@madpuppy74

I am so sorry to hear your course has been so difficult. I recognize that people vary in their response to and tolerance of ADT. I am early in my course (just 7 weeks lapsed now from my first Lupron injection) and the hot flashes are disturbing along with the loss of libido and associated ED. I will be switching to Orgovyx after my 3 month depot-Lupron is completed, which I’m told is more easily reversed when ADT is ended. Still I know there are no guarantees here, as there are none in life in general.

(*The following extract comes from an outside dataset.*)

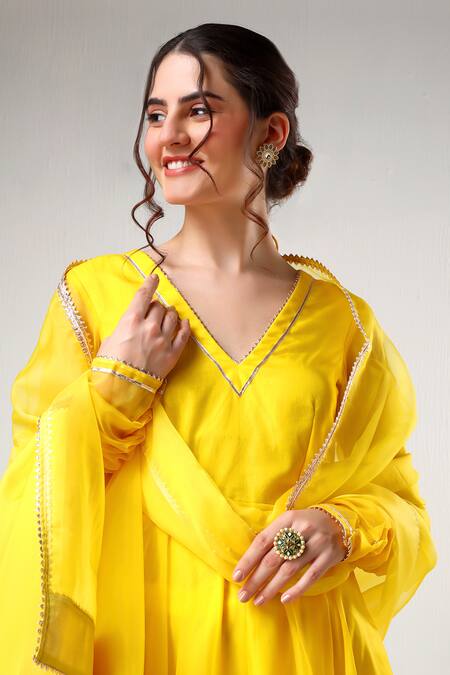 Yellow organza anarkali featuring gota lace embroidery and a back tie-up closure. Accompanied by a matching pant and dupatta.

Few people understand what any of us are experiencing. I’ve learned that most people who ask “How are you doing?” only want to hear “I’m fine” and really don’t want us to unload the truth of our process.

Exercise, friends, hobbies and volunteer activities keep me going and give me purpose. But that’s not to say there aren’t times I feel despondent and question the compromises I have accepted. Even my spouse doesn’t know how to respond to my losses and needs, leaving me on my own to overcome my negative thoughts.

I believe in the science, but know that treatment recommendations are based on statistics and can never predict the outcome for an individual.

It’s easier said than done but “hang in there” and continue to find the glass half full rather than half empty.

@madpuppy74
I’ve been on ADT for almost 8 years. After surgery and radiation, its affect on my ability to get an erection is minimal in comparison to those two things. I’ve had prostate cancer for almost 16 years. I took Lupron for six years and I’ve been on Orgovyx For a little over two years.

While ADT did not cause me heart problems getting on abiraterone Gave me high blood pressure and multiple Afib events. I’ve been on a blood thinner for many years and it has resolved any problems I’ve had from afib. I also have to take three blood pressure medicines every day but my heart is in good shape now that I’m off Zytiga.

If you’re getting constant sweating, there are solutions. I got depo-provera Shots every three months and they pretty much stopped my hot flashes and sweating. Estrogen can also help. Speak to your doctor about Getting hormones to resolve it. Estrogen can cause gynecomastia, but depo-provera doesn’t. For a long time I would lay in bed At night and throw sheets off and put them back on, I do have a fan right next to me near the bed But I Seldom use it anymore. The main time I use it as after I run on the track, Yes, control over body heat is not the greatest so I sweat a lot after that run and the fan really helps.

It can take a year or more to have your testosterone come back to levels that’ll make you more comfortable. According to the PCRI conference, it will never come back to what it was before you had ADT, But it will come back. People Who took Orgovyx Have it come back faster.

I also used an Embrlabs.com Wave 2 device to stop my day and night hot flashes. It was very effective. I still use it though I don’t get hardly any hot flashes anymore.

My testosterone is less than five. I found out I couldn’t get off the floor without leaning on a chair or a bed or pulling myself up against something a year ago I went to the gym three times a week for an hour. After about three or four months, I could finally get up off the floor. I have built up my muscles and never had my oncologist tell me don’t exercise. I’ve increased the amount of weight. I’ve used for both arm and leg exercises since I started about a year ago.

I do run twice a day for 1 mile on a track, every day. I built up my stamina in a few months so that I can run without stopping. I’m also not winded after I’m done and my heart rate never gets very high.

One of the People that talked at the PCRI conference this last weekend was Robert Newton PHD from Australia. I’ve heard him at least three times now and he talks about how exercise extends the life of prostate cancer patients and can even stop it from getting worse. You should try to find some information about exercises by him. There’s a number of videos on YouTube. He Strongly emphasize the need to do weightlifting exercises. The information you got is just wrong and contrary to everything I have been hearing for the last five years about the need for exercise and involving weights in that exercise. It is essential.

After all these years on ADT, I have noticed no reduction in my ability to taste food. My wife creates a wide variety of meals for me and they are quite tasty. I’ve always been critical about food that was bland. I’ve had no problem getting spicy or flavorful food at home or at restaurants.

@madpuppy74
I think your post reflects what many of us on MCC promote. That what one person taking ADT or hormone treatments side affects will not determine what yours will be. All bodies are different and what one will suffer from side affects others will not.

I see many post saying not an issue takine hormone treatments and then we read posts like yours saying "be careful." Hormone treatments are serious drugs and have side affects. Be prepared for those side affects and not rely on what outcomes others has citing little or no side affects or dealt with them with little discomfort. That might suggest you will have the same side affects when it does not.

In this case the old caveat "prepare for worse and hope for the best is very appropriate." I did not have hormone treatments. I was originally prescribed them before I had Decipher test. My Decipher came back low risk not original intermediate risks biopsies result gave so the hormone treatment recommendation was removed.